- Stored data -
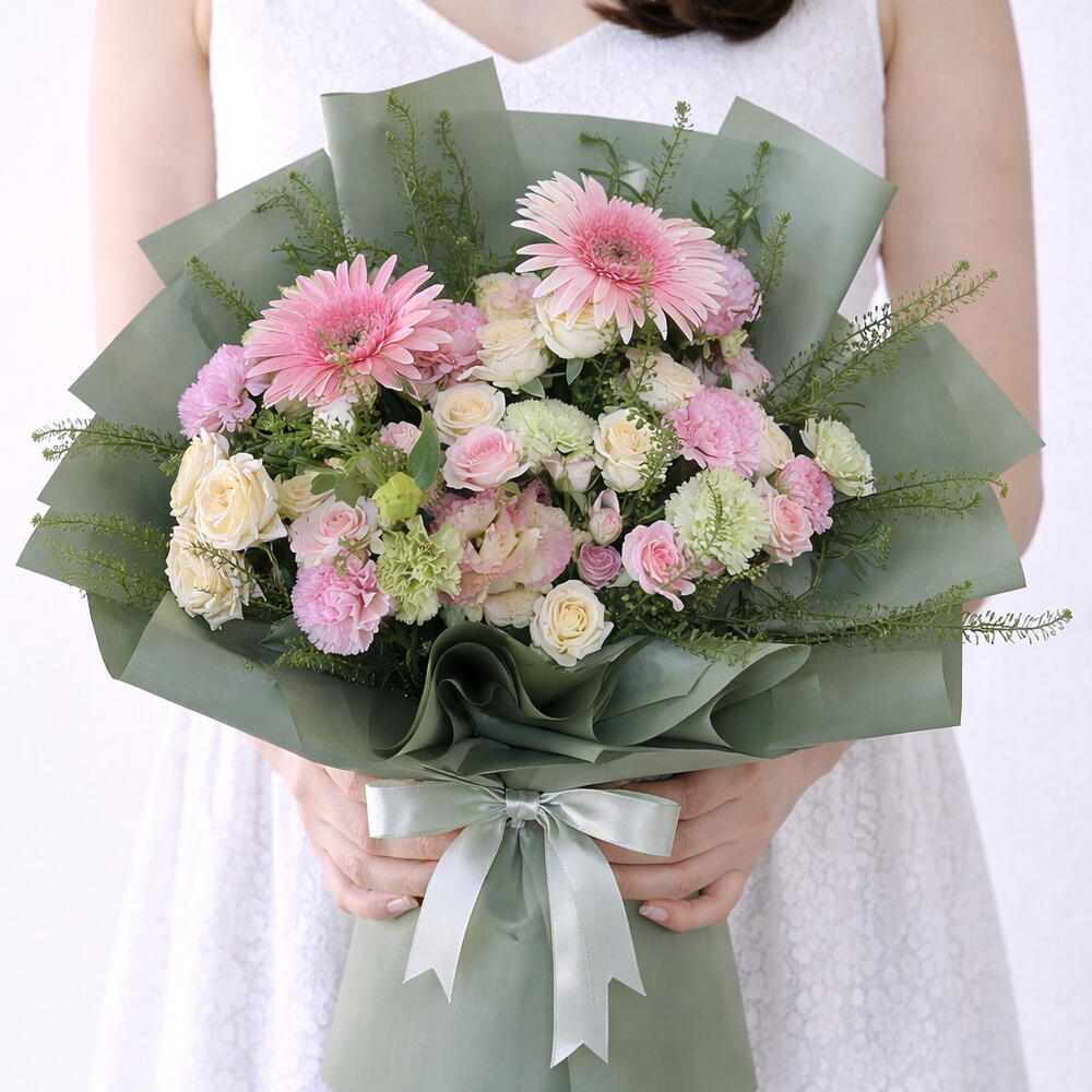 Pastel Garden Bouquet is a fresh and elegant arrangement in soft romantic tones. It features beautiful pink gerberas, baby pink spray roses, ivory roses, delicate lisianthus, and pink light green carnations, finished with fine greenery fillers for a natural garden look. Wrapped in stylish sage green paper with satin ribbon, this bouquet is perfect for birthdays, new baby, congratulations, anniversaries, or a sweet everyday gift. Baby roses / spray roses peach: 4 pcs Baby roses / spray roses (pink): 4 stems Gerbera (pink): 2 stems Lisianthus / Eustoma (light pink): 2 stems Carnations (pink + green): 5 stems Green fillers / foliage: 2 stems Purchase Note: Free Greeting Card Printing included with every order. (Please write your card message at checkout.) Flower Color Changes: You may request to change the flower colors to match your preference. This is subject to availability and may vary depending on daily stock. Add-Ons Available: You can add extra items such as: Balloons, letters, numbers, chocolates, perfumes, and gift items (optional). Freshness Guarantee: We always use fresh flowers and ensure the best possible arrangement quality.
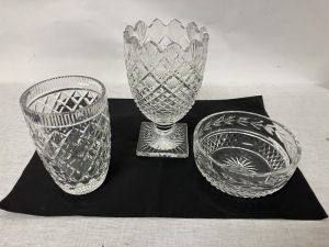 Large heavy Waterford glass bowl with serrated edge and 2 other pieces.
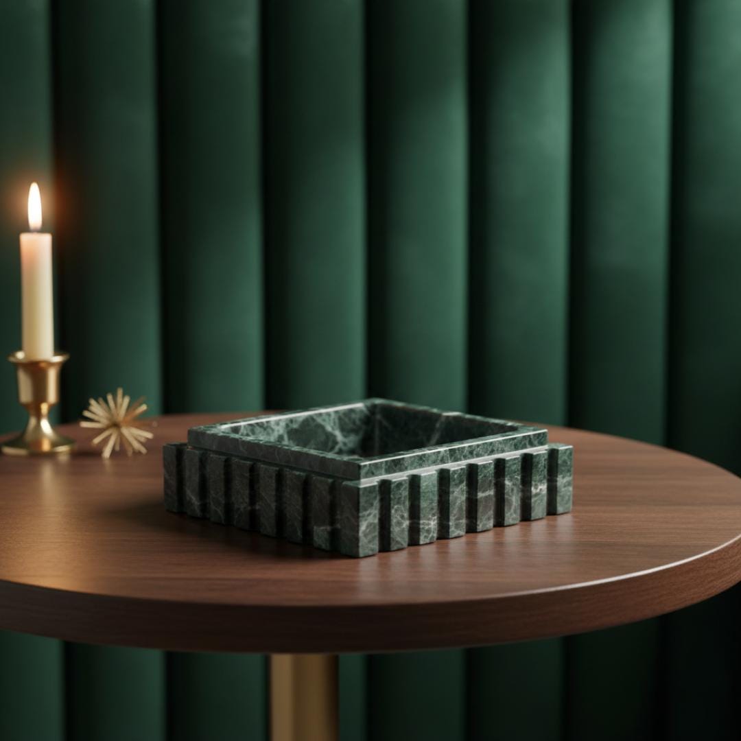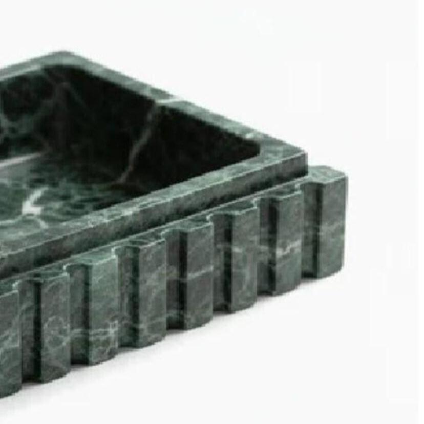 Highlights Ships from a small business in India Materials: Marble Width: 6 inches Height: 2 inches Depth: 6 inches Elevate your bathroom décor with this exquisite handcrafted soap dish, sculpted from rich green marble. Its striking fluted base and smooth, polished interior combine modern geometry with timeless natural stone elegance. The deep rectangular design keeps your soap neatly in place, while the bold veining of the marble adds a luxurious, organic touch to any vanity or countertop. Perfect for contemporary, minimalist, and premium home styling. Each piece is unique, showcasing the natural beauty and texture of real marble.
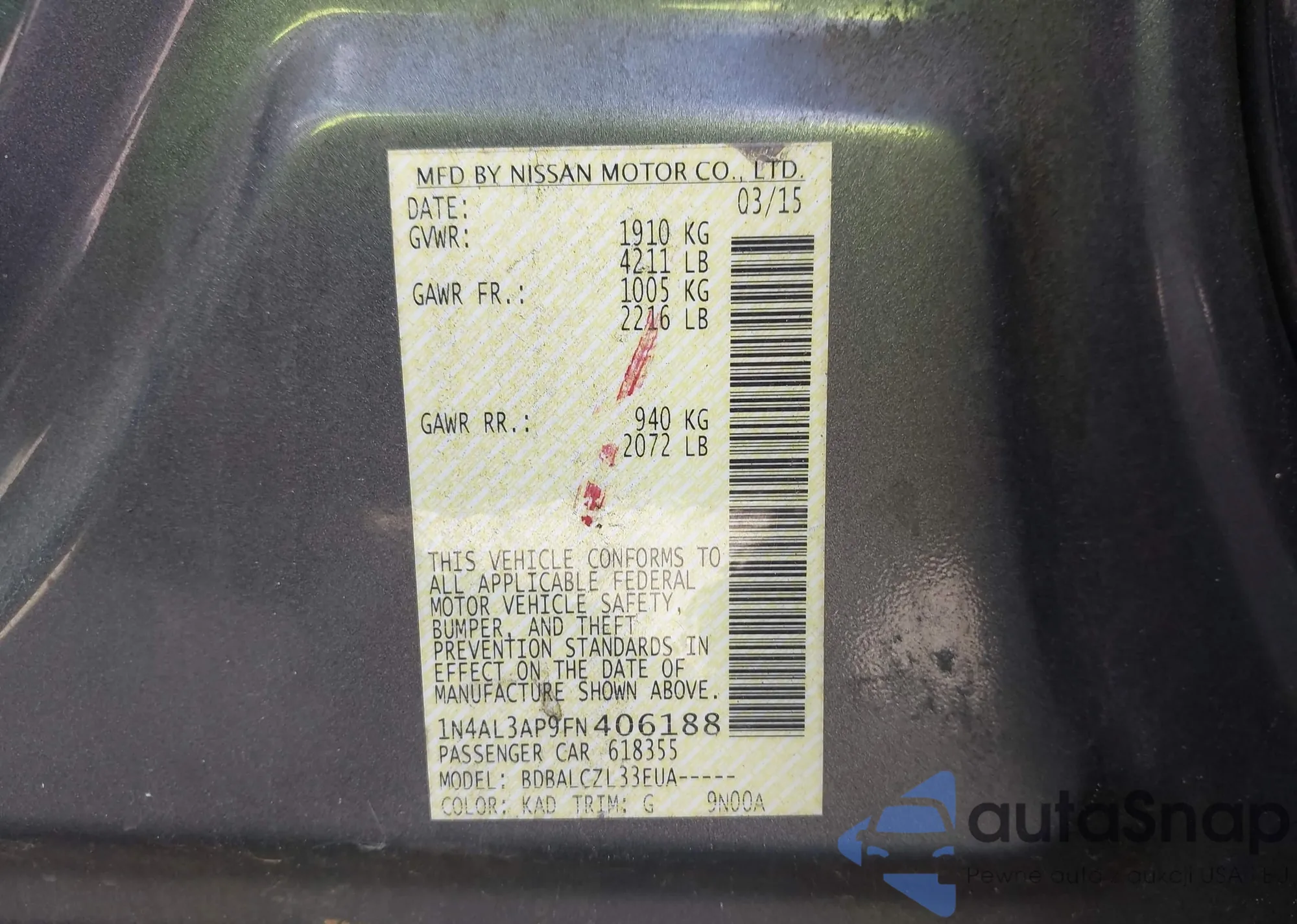 LOT: 43457187 VIN: 1N4AL3AP9FN406188
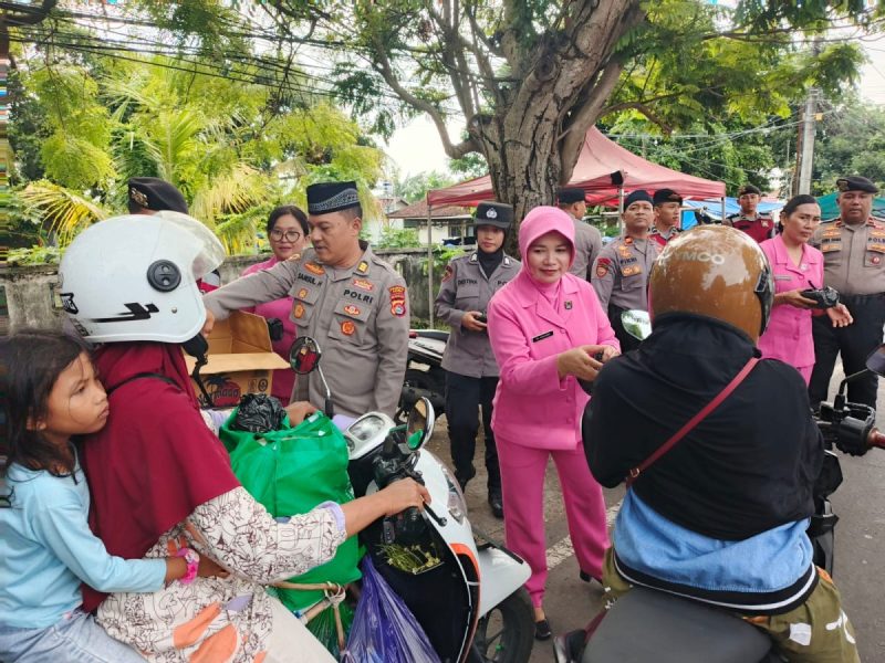 Kegiatan sosial tersebut juga melibatkan anggota Bhayangkari yang turut membagikan paket takjil kepada para pengguna jalan dan masyarakat yang melintas menjelang waktu berbuka puasa.

- GOAL OF THE EXERCISE -
All of the data above is to be repeated exactly, with the pictures left out.

- RESPONSE AREA -
 Pastel Garden Bouquet is a fresh and elegant arrangement in soft romantic tones. It features beautiful pink gerberas, baby pink spray roses, ivory roses, delicate lisianthus, and pink light green carnations, finished with fine greenery fillers for a natural garden look. Wrapped in stylish sage green paper with satin ribbon, this bouquet is perfect for birthdays, new baby, congratulations, anniversaries, or a sweet everyday gift. Baby roses / spray roses peach: 4 pcs Baby roses / spray roses (pink): 4 stems Gerbera (pink): 2 stems Lisianthus / Eustoma (light pink): 2 stems Carnations (pink + green): 5 stems Green fillers / foliage: 2 stems Purchase Note: Free Greeting Card Printing included with every order. (Please write your card message at checkout.) Flower Color Changes: You may request to change the flower colors to match your preference. This is subject to availability and may vary depending on daily stock. Add-Ons Available: You can add extra items such as: Balloons, letters, numbers, chocolates, perfumes, and gift items (optional). Freshness Guarantee: We always use fresh flowers and ensure the best possible arrangement quality.
 Large heavy Waterford glass bowl with serrated edge and 2 other pieces.
 Highlights Ships from a small business in India Materials: Marble Width: 6 inches Height: 2 inches Depth: 6 inches Elevate your bathroom décor with this exquisite handcrafted soap dish, sculpted from rich green marble. Its striking fluted base and smooth, polished interior combine modern geometry with timeless natural stone elegance. The deep rectangular design keeps your soap neatly in place, while the bold veining of the marble adds a luxurious, organic touch to any vanity or countertop. Perfect for contemporary, minimalist, and premium home styling. Each piece is unique, showcasing the natural beauty and texture of real marble.
 LOT: 43457187 VIN: 1N4AL3AP9FN406188
 Kegiatan sosial tersebut juga melibatkan anggota Bhayangkari yang turut membagikan paket takjil kepada para pengguna jalan dan masyarakat yang melintas menjelang waktu berbuka puasa.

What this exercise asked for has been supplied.